- DATA FOR THIS EXERCISE -
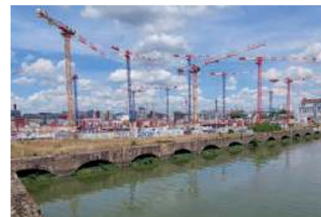
CHU Nantes 8000 ML de boîtes d'attente
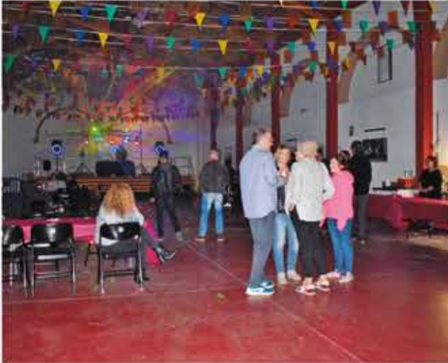
31 d'octubre, nit castanyera
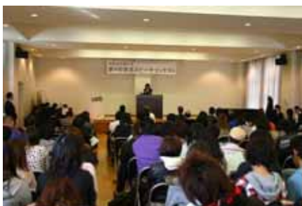
スピーチコンテスト
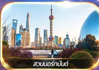
สวนนอร์กบันด์
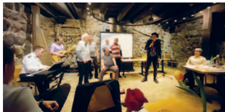
Das Highlight des Abends: Jailhouse-Rock im Schloss!

Mit dem traditionellen Kolpinglied endete die Versammlung und leitete über in ein geselliges Beisammensein, geprägt von Erinnerungen und Vorfreude auf die kommenden Anlässe. Bruno Lorandi
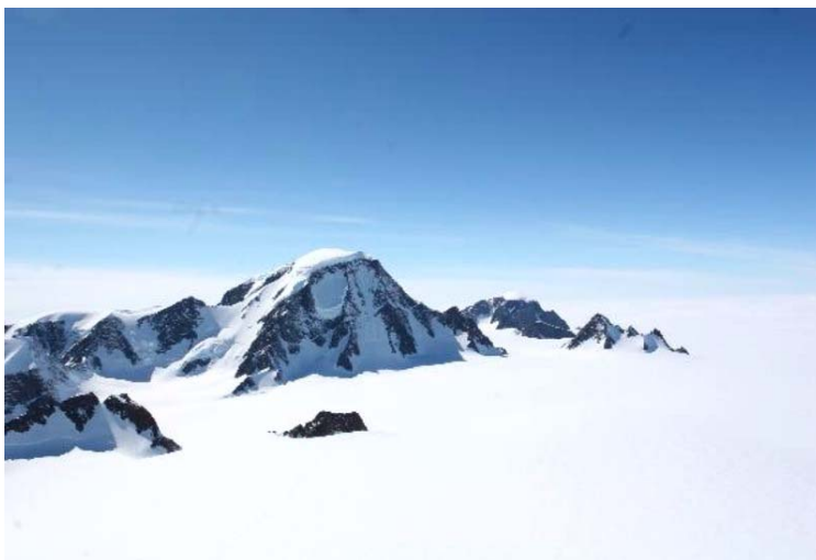
Mount Forel (3402m) parete sud est + ghiacciaio (ca.2200m)
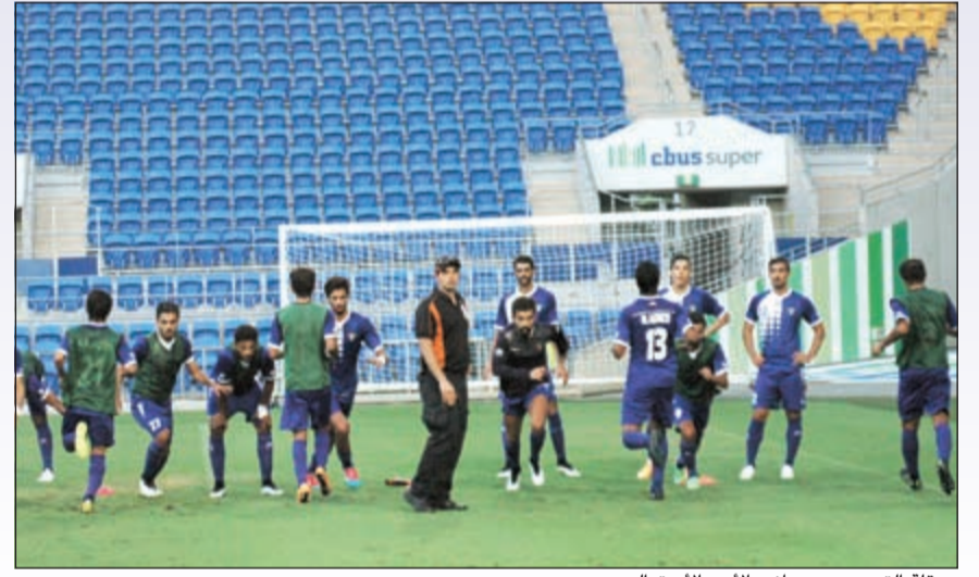
عرقة التدريب من جانب الأمن الأسترالي
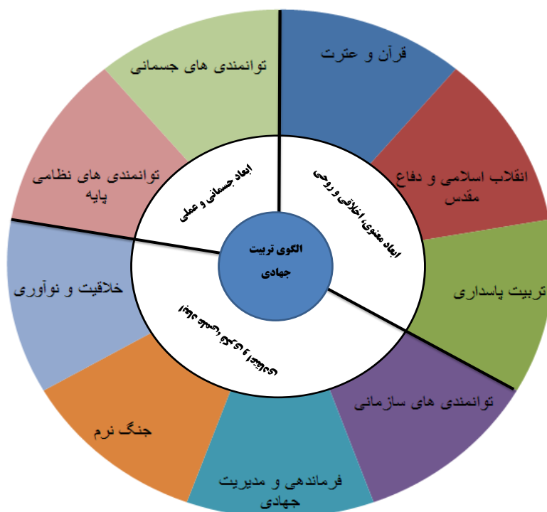
مدل مفهومی تحقیق (الگوی تربیت جهادی دانشجویان دانشگاه افسری و تربیت پاسداری امام حسین (ع))
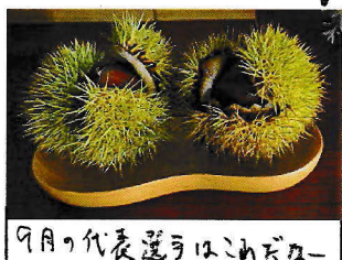
9月の代表選りはお餅だ

「たよりの表紙」 「たよりの表紙」は、毎月134号の「たより」に掲載されています。 「たよりの表紙」は、毎月134号の「たより」に掲載されています。

- TASK PROMPT -
Set the pictures aside and reproduce the data above exactly.

- EXERCISE SOLUTION -
CHU Nantes 8000 ML de boîtes d'attente
31 d'octubre, nit castanyera
スピーチコンテスト
สวนนอร์กบันด์
Das Highlight des Abends: Jailhouse-Rock im Schloss!

Mit dem traditionellen Kolpinglied endete die Versammlung und leitete über in ein geselliges Beisammensein, geprägt von Erinnerungen und Vorfreude auf die kommenden Anlässe. Bruno Lorandi
Mount Forel (3402m) parete sud est + ghiacciaio (ca.2200m)
عرقة التدريب من جانب الأمن الأسترالي
مدل مفهومی تحقیق (الگوی تربیت جهادی دانشجویان دانشگاه افسری و تربیت پاسداری امام حسین (ع))
9月の代表選りはお餅だ

「たよりの表紙」 「たよりの表紙」は、毎月134号の「たより」に掲載されています。 「たよりの表紙」は、毎月134号の「たより」に掲載されています。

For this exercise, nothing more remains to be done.